Friday, November 11, 2011

Debt Help: Gambling Debt Relief

By John Roney


The debt statistics in the United States are frightening. Most Americans are aware of their own problems, but not how deeply in debt the whole country is right now. Many don't know that the average citizen with a credit file is some $16,000 in unsecured debt. That doesn't count mortgages, car loans or debts that have collateral attached to them. Knowing this number alone, it becomes easier to understand why consumers are seeking debt help and why banks are receiving record numbers of requests for debt consolidation loans.

It is hard for the individual to even relate to the Federal Reserve's figures that put consumer debt in the trillions of dollars. Any amount that can't be paid each month is overwhelming enough to the average person. In reality, consumer try hard to keep their credit debt in check. Statistics show that only 8.3% carry more than $9,000 on credit cards, but whether the consumer owes that much or much less, if payments are late or can't be made, they need and seek help with credit card debt.

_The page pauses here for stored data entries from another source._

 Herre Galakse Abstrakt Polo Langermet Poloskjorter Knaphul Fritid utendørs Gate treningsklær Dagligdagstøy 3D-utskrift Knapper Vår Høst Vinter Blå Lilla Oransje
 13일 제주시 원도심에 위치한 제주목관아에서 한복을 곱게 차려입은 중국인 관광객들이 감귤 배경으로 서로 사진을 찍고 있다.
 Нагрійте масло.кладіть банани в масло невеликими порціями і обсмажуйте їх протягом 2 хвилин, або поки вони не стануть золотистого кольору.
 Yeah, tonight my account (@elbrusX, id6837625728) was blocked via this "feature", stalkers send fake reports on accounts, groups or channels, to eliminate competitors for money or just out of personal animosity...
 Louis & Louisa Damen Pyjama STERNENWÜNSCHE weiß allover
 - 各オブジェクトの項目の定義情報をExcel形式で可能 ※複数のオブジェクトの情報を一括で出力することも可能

Responsibility for the debt after the card holder's death can also come into play if you have a financial relationship with the deceased- for example, you are actually listed on the card account as a co-signer. Finally, in the event that the deceased has assets, they will be placed in the estate until everything is settled. The credit card companies have the option to make claims upon that estate in order to be compensated for the credit card debt.

Because most people have not dealt with such severe debt before, the two most common solutions that come to an uninformed mind are bankruptcy or getting a debt consolidation loan to pay off balances with. The problem with either solution is that each brings new and even more serious issues along with its remedy. Going to a bank and arranging a consolidation loan is not that hard if the consumer has plenty of equity in a house or owns other property outright. They will get their loan but don't stop to realize that they may be getting themselves far deeper in debt and creating more financial problems than they ever imagined. First of all, a debt consolidation loan does not reduce debt, and two, the consumer has just turned unsecured debt - from credit cards - into secured debt. All too many don't understand this until they miss payments, and receive a foreclosure notice in the mail.

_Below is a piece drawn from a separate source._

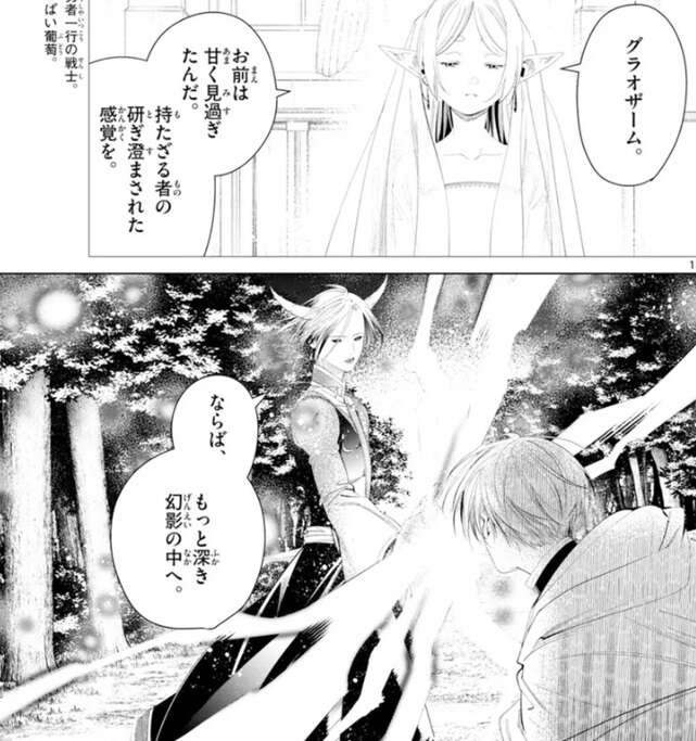 フリーレンは普段から魔力探知に頼り切っている弊害で、ヒンメルのように現実世界の事を感じることが出来ないようです。しかしそれは魔族も同じで、グラオザームにヒンメルを甘く見過ぎていた、とフリーレンはつぶやきます。グラオザームはヒンメルをもっと深い幻影の中へと連れて行こうとし、さらに魔法を使おうとします。
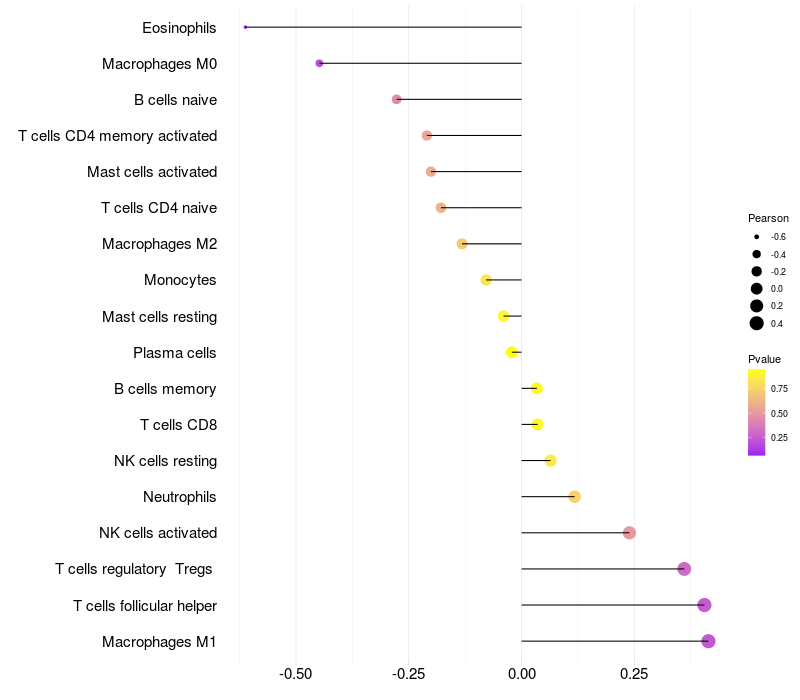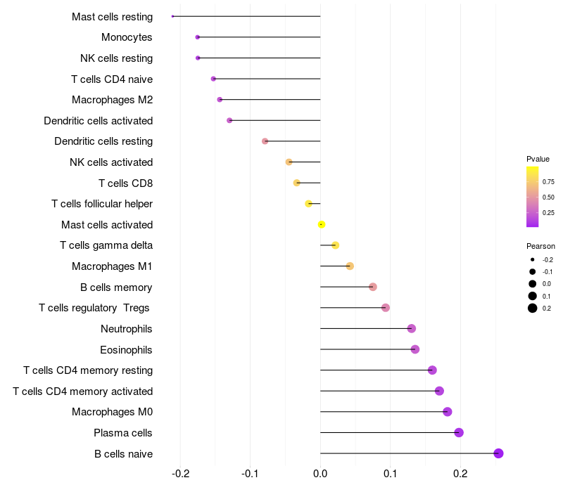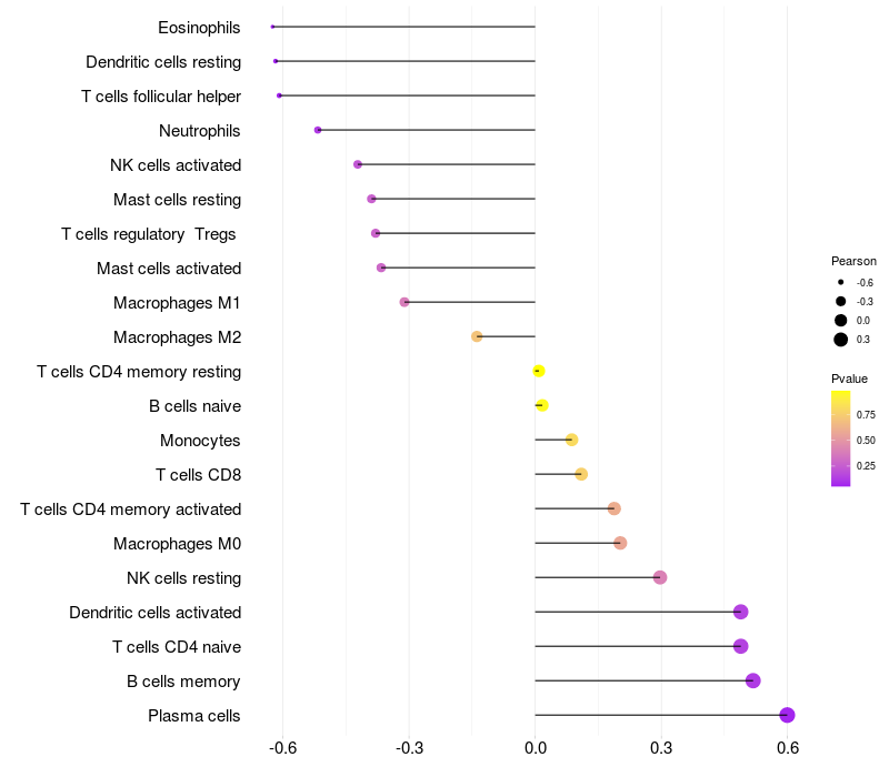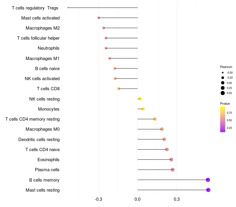 Lollipop of HDAC9 expression and immune infiltrating cell level correlation result in HBV+ Liver cirrhosis samples

A secured loan is all about what the borrower promises to give the lender as proof that the debt will be repaid. It may seem reasonable today to put up a house against such a loan, but the unforeseen can happen. Job loss, major illness, divorce or any other number of things can effect future income, and thus the payments. Credit card debt is unsecured. There is no hard asset promised if there is a default on the loan, and there's absolutely no reason to trade one for another in hopes of getting debt relief. Especially when there are other forms of debt help like debt settlement or debt management that both work without a loan and work to actually reduce the total amount of debt owed.